In the spring of 1999, before a small but rapt audience of students in the library of Governor Livingston High School, I confessed that I was capable of asexual reproduction. I sat somewhat stiffly in my chair, probably in a defensive cross-armed stance. I had no formal text or even notes, merely an outline that I ran and reran in my head for days in advance, which involved a brief introduction followed by opening up for questions. I knew that someone would ask “How?” for which my answer was “My leg hairs,” sprouting forth miniature replicas of myself for some nefarious but surely clever purpose I’d forgotten. It was reported in The Highlander (our newspaper) the following week having more or less taken the hint that it was meant to be funny.

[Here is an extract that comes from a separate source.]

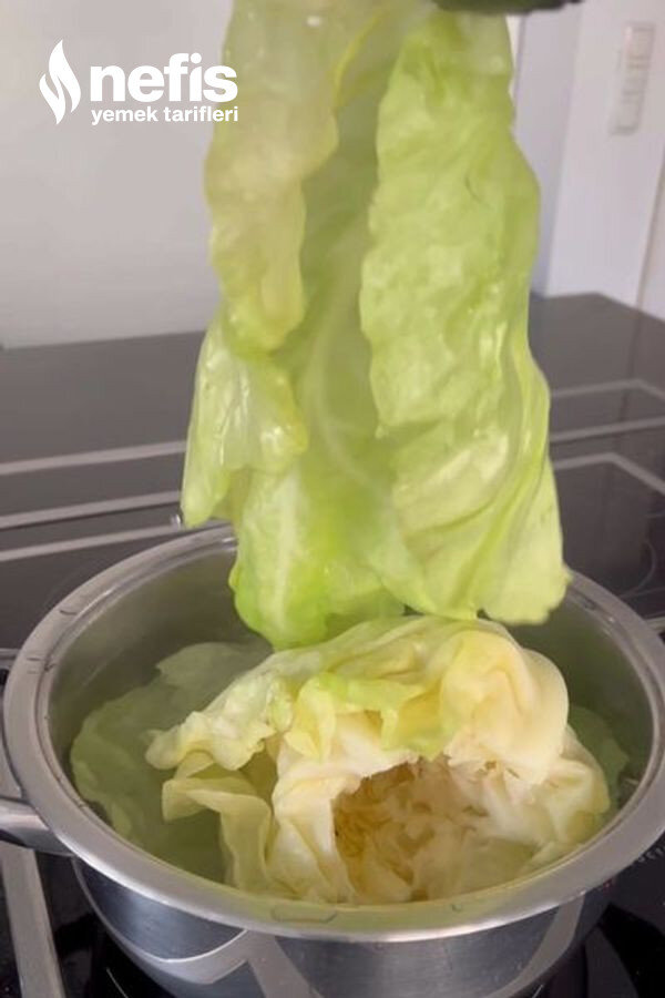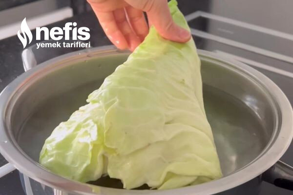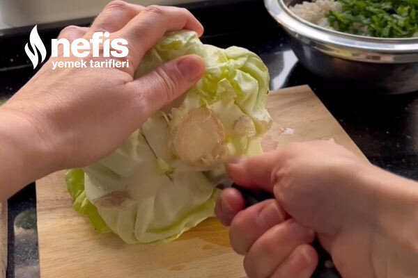 - Lahananın sap kısmını çıkarıp kaynayan suya ekleyin.
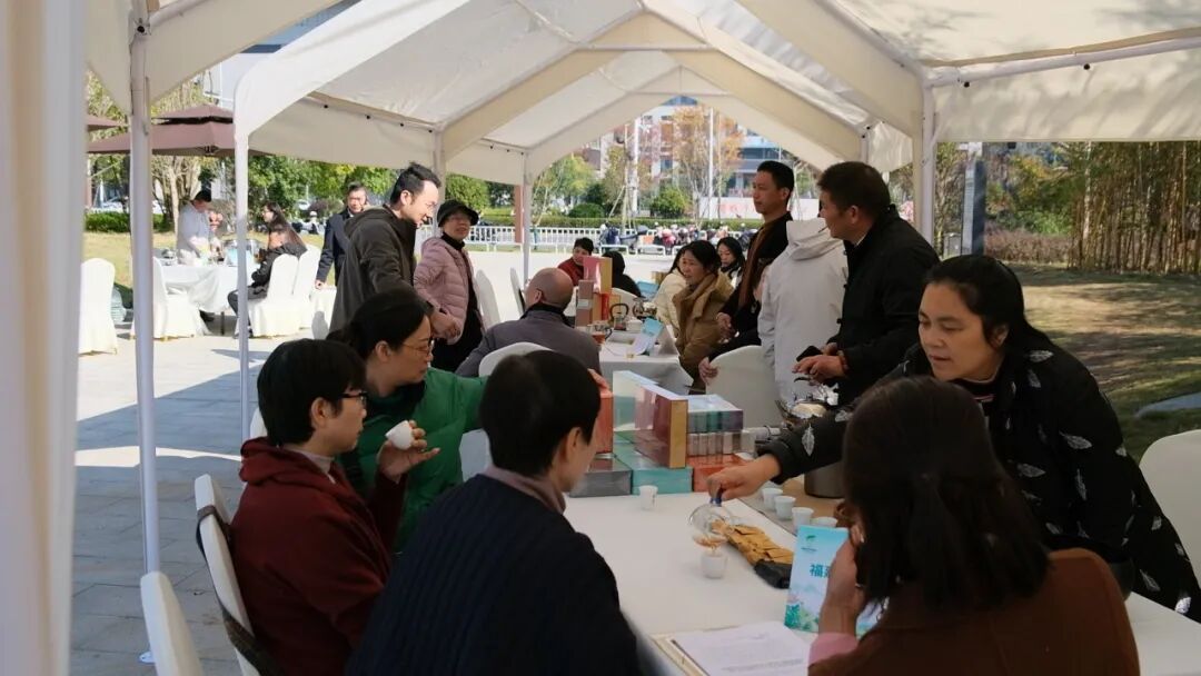 活動現場 來往群眾親身感受丹桂花茶茶香與桂香完美交融的獨特風味,了解“浦城丹桂花茶”公共品牌背后的故事與發展,與愛茶之人共品香茗,分享感受。同時,現場更有浦城丹桂花茶制作技藝、丹桂花茶窨制技藝非遺代表性傳承人參加活動,講述制茶背后的點滴趣事。江山市“田園翁·興農”科技服務團組織30余名老農技專家、茶葉經營主體及青年農創客參與活動,欣賞茶藝展演,細品丹桂花茶,與浦城茶商深入交流,借鑒浦城的科學制茶工藝、茶文化傳承路徑及“茶+文旅”融合發展模式,為江山農旅融合發展汲取經驗。

Open mic nights were organized by the school’s literary magazine (“lit mag” for short), of which I was a member from the first meeting of my freshman year, when I attended with a pile of my horrifyingly nascent literary work, until basically graduation1. They were biannual, in the fall and spring semesters, held well past operating hours and took on an intimacy uncommon to mass-rituals of public education. I’m pretty sure there was tea. My mind also conjures candles, but that seems like a fire hazard, and our adviser, my English teacher Miss Sample, was guided by a spirit of renewable nervousness.
The audience was actually fairly diverse across cliques. I suppose if you had nothing better to do on a Wednesday or Thursday night you could come watch your peers sing Ani DiFranco songs or read poems by themselves or someone else. One girl stands out to me for reading a love letter arranged through William S. Burroughs’s cut-up method. At another one, she did an impassioned rendition of Dave Foley’s “Letter to the Guy I Clotheslined” monologue from Kids in the Hall.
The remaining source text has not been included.